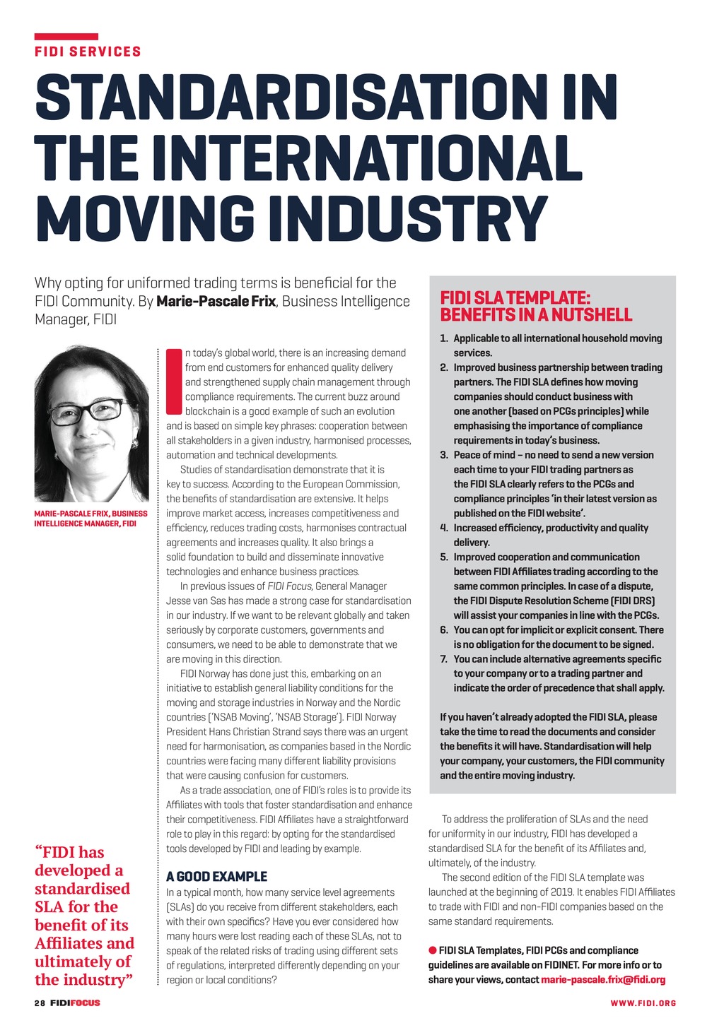 F ID I S E RV I C E S STANDARDISATION IN THE INTERNATIONAL MOVING INDUSTRY Why opting for uniformed trading terms is beneficial for the FIDI Community. By Marie-Pascale Frix, Business Intelligence Manager, FIDI I MARIE-PASCALE FRIX, BUSINESS INTELLIGENCE MANAGER, FIDI FIDI has developed a standardised SLA for the benefit of its Affiliates and ultimately of the industry n todays global world, there is an increasing demand from end customers for enhanced quality delivery and strengthened supply chain management through compliance requirements. The current buzz around blockchain is a good example of such an evolution and is based on simple key phrases: cooperation between all stakeholders in a given industry, harmonised processes, automation and technical developments. Studies of standardisation demonstrate that it is key to success. According to the European Commission, the benefits of standardisation are extensive. It helps improve market access, increases competitiveness and efficiency, reduces trading costs, harmonises contractual agreements and increases quality. It also brings a solid foundation to build and disseminate innovative technologies and enhance business practices. In previous issues of FIDI Focus, General Manager Jesse van Sas has made a strong case for standardisation in our industry. If we want to be relevant globally and taken seriously by corporate customers, governments and consumers, we need to be able to demonstrate that we are moving in this direction. FIDI Norway has done just this, embarking on an initiative to establish general liability conditions for the moving and storage industries in Norway and the Nordic countries (NSAB Moving, NSAB Storage). FIDI Norway President Hans Christian Strand says there was an urgent need for harmonisation, as companies based in the Nordic countries were facing many different liability provisions that were causing confusion for customers. As a trade association, one of FIDIs roles is to provide its Affiliates with tools that foster standardisation and enhance their competitiveness. FIDI Affiliates have a straightforward role to play in this regard: by opting for the standardised tools developed by FIDI and leading by example. A GOOD EXAMPLE In a typical month, how many service level agreements (SLAs) do you receive from different stakeholders, each with their own specifics? Have you ever considered how many hours were lost reading each of these SLAs, not to speak of the related risks of trading using different sets of regulations, interpreted differently depending on your region or local conditions? 28 FF292 AugSep19 pp28-29 Services Standardisation.indd 28 FIDI SLA TEMPLATE: BENEFITS IN A NUTSHELL 1.Applicable to all international household moving services. 2.Improved business partnership between trading partners. The FIDI SLA defines how moving companies should conduct business with one another (based on PCGs principles) while emphasising the importance of compliance requirements in todays business. 3.Peace of mind no need to send a new version each time to your FIDI trading partners as the FIDI SLA clearly refers to the PCGs and compliance principles in their latest version as published on the FIDI website. 4.Increased efficiency, productivity and quality delivery. 5.Improved cooperation and communication between FIDI Affiliates trading according to the same common principles. In case of a dispute, the FIDI DisputeResolution Scheme (FIDI DRS) will assist your companies in line withthe PCGs. 6.You can opt for implicit or explicit consent. There is no obligation for the document to be signed. 7.You can include alternative agreements specific to your company or to a trading partner and indicate the order of precedence that shall apply. If you havent already adopted the FIDI SLA, please take the timeto read the documents and consider the benefits it will have. Standardisation willhelp your company, your customers, the FIDI community and the entire moving industry. To address the proliferation of SLAs and the need for uniformity in our industry, FIDI has developed a standardised SLA for the benefit of its Affiliates and, ultimately, of the industry. The second edition of the FIDI SLA template was launched at the beginning of 2019. It enables FIDI Affiliates to trade with FIDI and non-FIDI companies based on the same standard requirements. l FIDI SLA Templates, FIDI PCGs and compliance guidelines are available on FIDINET. For more info or to share your views, contact marie-pascale.frix@fidi.org WWW. F I D I . OR G 15/07/2019 14:52
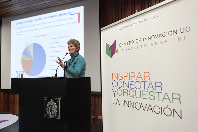 “Los alumnos de doctorado no deben bloquearse con que la academia es la única vía de trabajo. Tenemos que lograr que haya cada vez más innovadores al interior de los programas de doctorado, para que los alumnos vean que existe un campo que no está explotado en Chile. Y tenemos que hacerlo ya“, enfatizó Carmen Luz Latorre, Directora del Programa de Atracción e Inserción de Capital Humano Avanzado (PAI) de CONICYT. Enfatizando en necesidad de insertar doctores en el sector empresarial –cantidad que en Chile apenas asciende a un 3,8% del total- la experta argumentó que tanto universidades como empresas en otros países “les demuestran que trabajar en ese campo posible en distintas etapas formativas”.
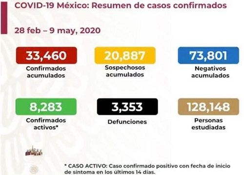*Suman 3 mil 353 fallecimientos y 33 mil 460 casos positivos en todo el país
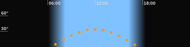 | Höchster Stand (Kulmination) | 11:56 Uhr (h = 34°) |
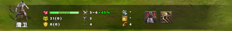 鹰卫:攻击:5-6+45%,血量:51,防御3,速度4
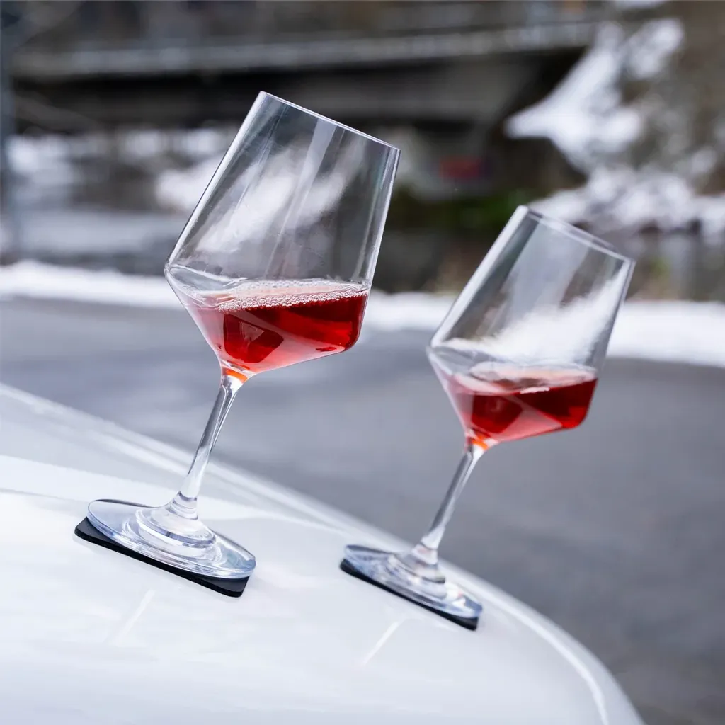 Magnetiska plastglas WINE CLASSIC – set om två. Inkluderar två robusta plastglas med integrerade magneter och två självhäftande metall-Nano-Gel-pads i svart. Glasen är BPA-fria, ser ut som riktigt glas och håller stadigt även under körning. Testade för säkerhet och tillverkade i Tyskland.
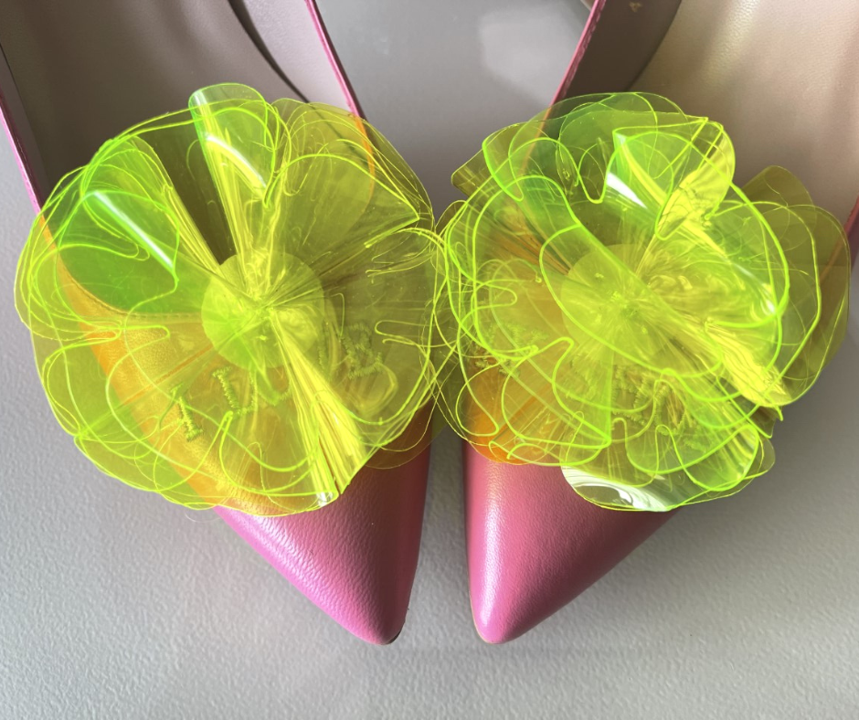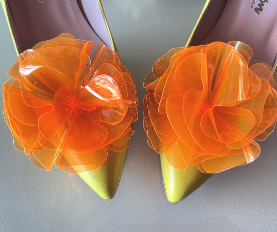 Broche de quita y pón para zapatos en forma de flor de vinilo en colores fluor super originales. Un original complemento que puedes utilizar para decorar tus zapatos y darle un toque de personalidad. ¡No dejan marca ni se caen!
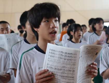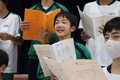 1年生の合唱練習を見ると、素敵な表情の生徒がたくさんいます。合唱には、歌声だけでなく、大きな口で表情よく歌う姿からも聴く人を感動させる力があります。練習は始まったばかり。さらに多くの生徒が「目から伝わる合唱」の魅力を届けてくれることを期待しています。
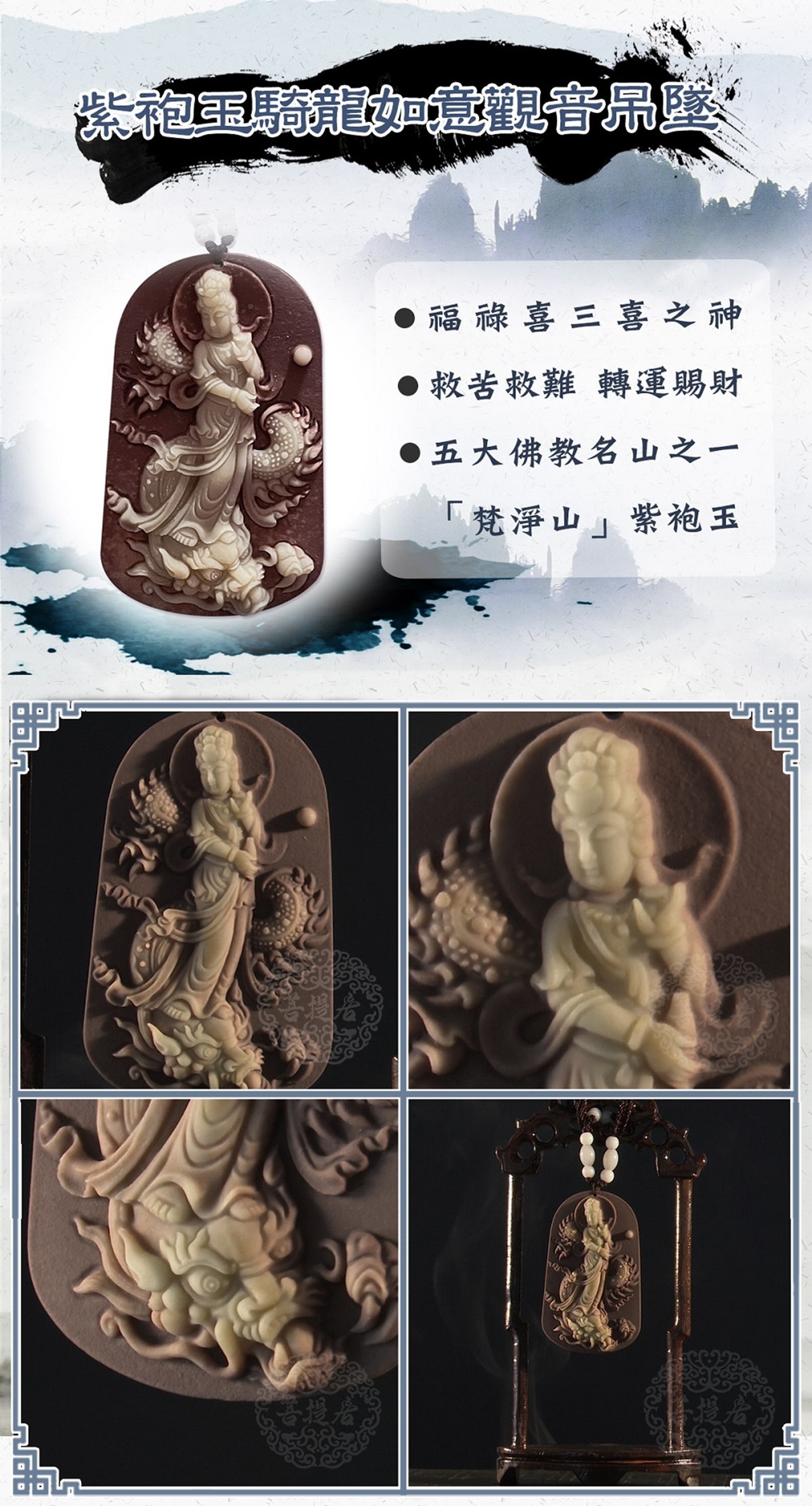 【菩提居】紫袍玉騎龍觀音吊墜 (廠商直出、不參加免運及滿額贈優惠)
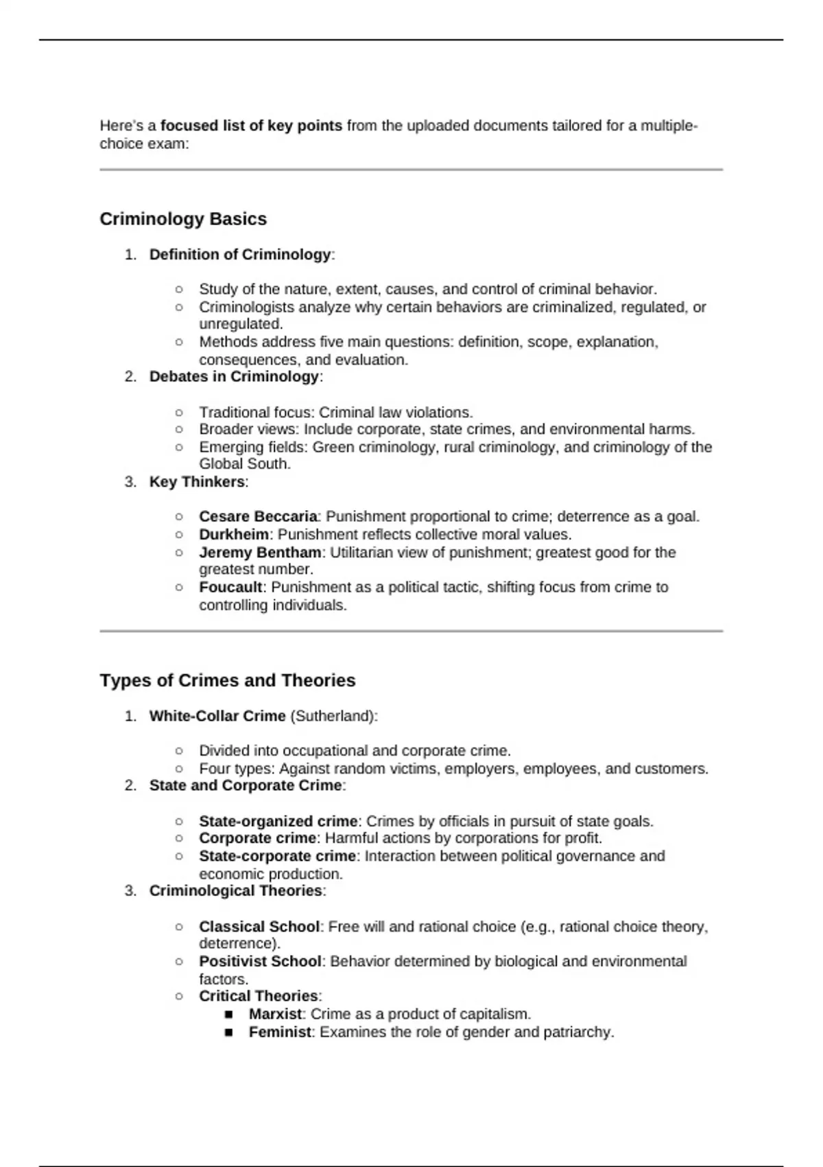 Extensive summary for 2nd year GLB students doing criminology and criminal justice. This document has information on all tutorials.
■ ■ ■ ■ ■
Brief: Please transcribe the lines from the one containing "Broche de quita" to the last line of the listing, both included, exactly and with nothing added, leaving every picture out.

Response box:
 Broche de quita y pón para zapatos en forma de flor de vinilo en colores fluor super originales. Un original complemento que puedes utilizar para decorar tus zapatos y darle un toque de personalidad. ¡No dejan marca ni se caen!
 1年生の合唱練習を見ると、素敵な表情の生徒がたくさんいます。合唱には、歌声だけでなく、大きな口で表情よく歌う姿からも聴く人を感動させる力があります。練習は始まったばかり。さらに多くの生徒が「目から伝わる合唱」の魅力を届けてくれることを期待しています。
 【菩提居】紫袍玉騎龍觀音吊墜 (廠商直出、不參加免運及滿額贈優惠)
 Extensive summary for 2nd year GLB students doing criminology and criminal justice. This document has information on all tutorials.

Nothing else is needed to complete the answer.